**Information provided:**
*****

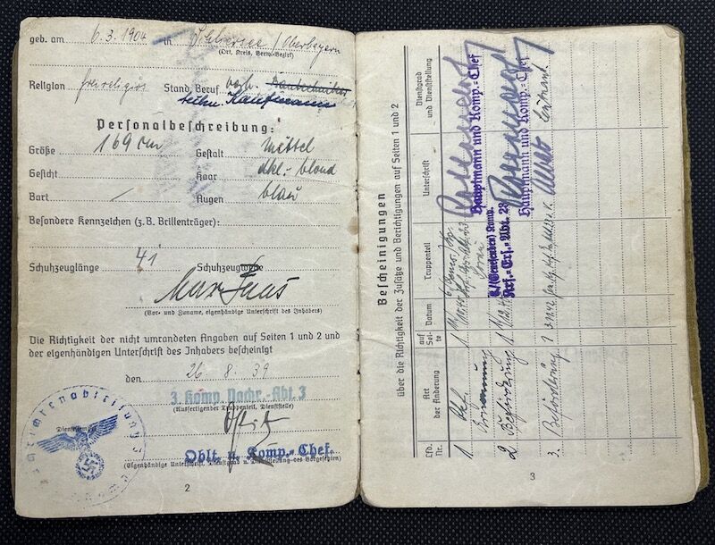 Issued in August 1939 with 3 Kompanie, Nachrichten Abteilung 3.
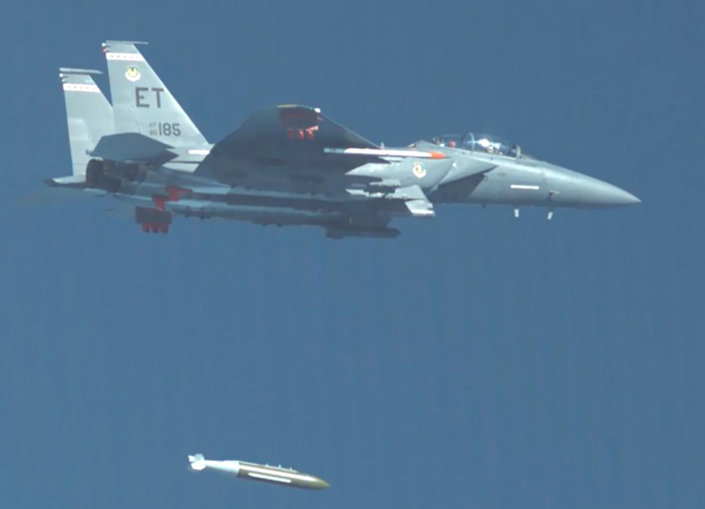What aircraft are currently cleared to employ the GBU-72/B operationally is also not clear. In 2021, the Air Force announced the successful release of an A5K from an F-15E Strike Eagle in testing. In 2024, pictures emerged of a B-1 bomber carrying one of the bombs on an external pylon under the forward fuselage in another apparent test. The Air Force has also raised the possibility of integrating the GBU-72/B onto the B-2 bomber in the past. F-15Es, B-1s, and B-2s are among the aircraft the U.S. military has been using to carry out strikes on targets in Iran.
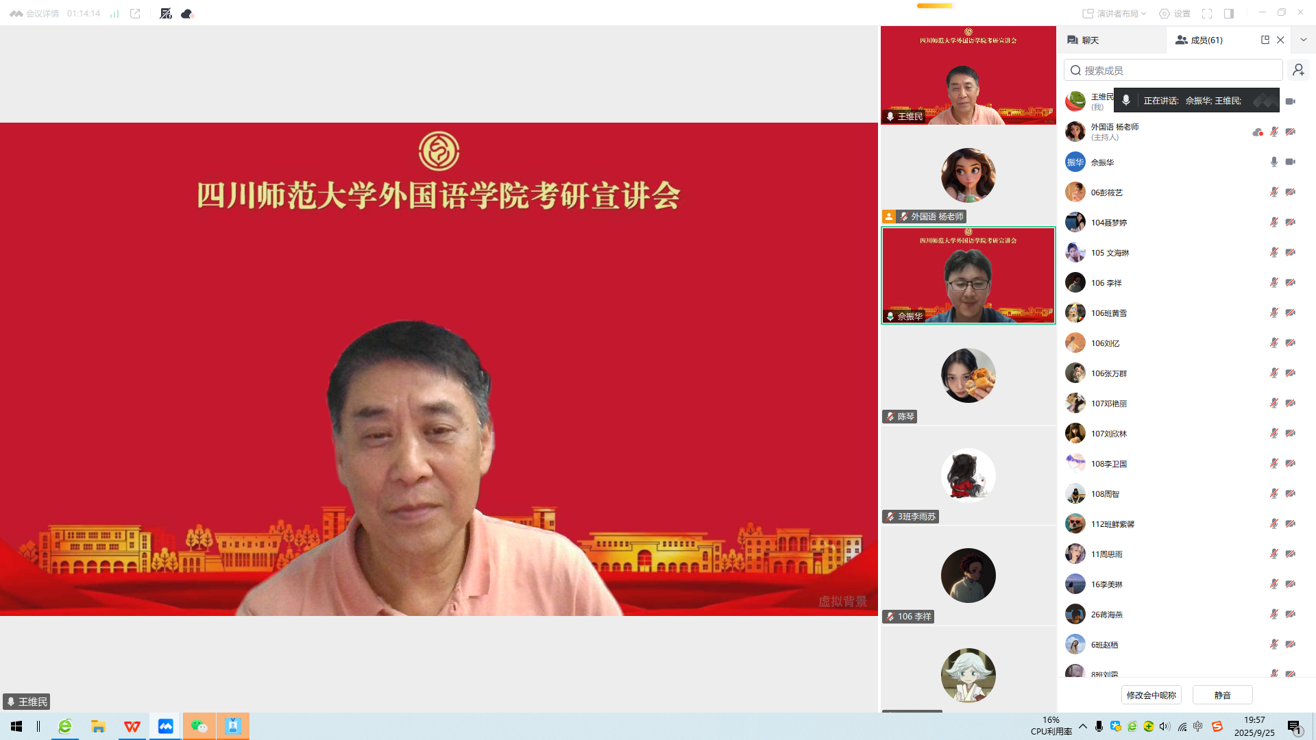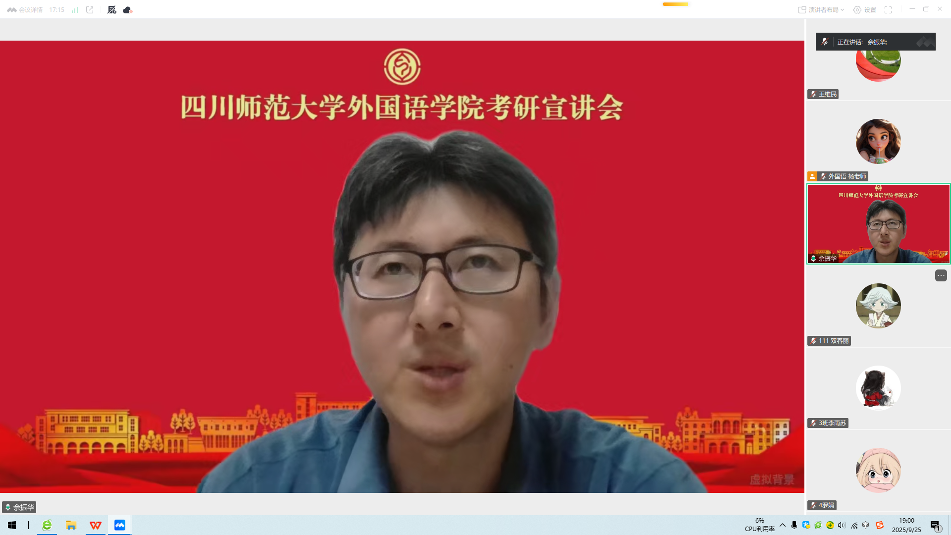9月25日晚7:00,我院邀请四川师范大学外国语学院副院长佘振华教授为我院学子举行了一场线上考研讲座。外国语学院70余名同学聆听了讲座,外国语学院院长王维民、院长助理余霞等教师也参加了讲座。讲座由院长王维民主持。

*****

**What the exercise asks:** Repeat the listing above word for word and leave its images out.

**Answer below:**
 Issued in August 1939 with 3 Kompanie, Nachrichten Abteilung 3.
What aircraft are currently cleared to employ the GBU-72/B operationally is also not clear. In 2021, the Air Force announced the successful release of an A5K from an F-15E Strike Eagle in testing. In 2024, pictures emerged of a B-1 bomber carrying one of the bombs on an external pylon under the forward fuselage in another apparent test. The Air Force has also raised the possibility of integrating the GBU-72/B onto the B-2 bomber in the past. F-15Es, B-1s, and B-2s are among the aircraft the U.S. military has been using to carry out strikes on targets in Iran.
9月25日晚7:00,我院邀请四川师范大学外国语学院副院长佘振华教授为我院学子举行了一场线上考研讲座。外国语学院70余名同学聆听了讲座,外国语学院院长王维民、院长助理余霞等教师也参加了讲座。讲座由院长王维民主持。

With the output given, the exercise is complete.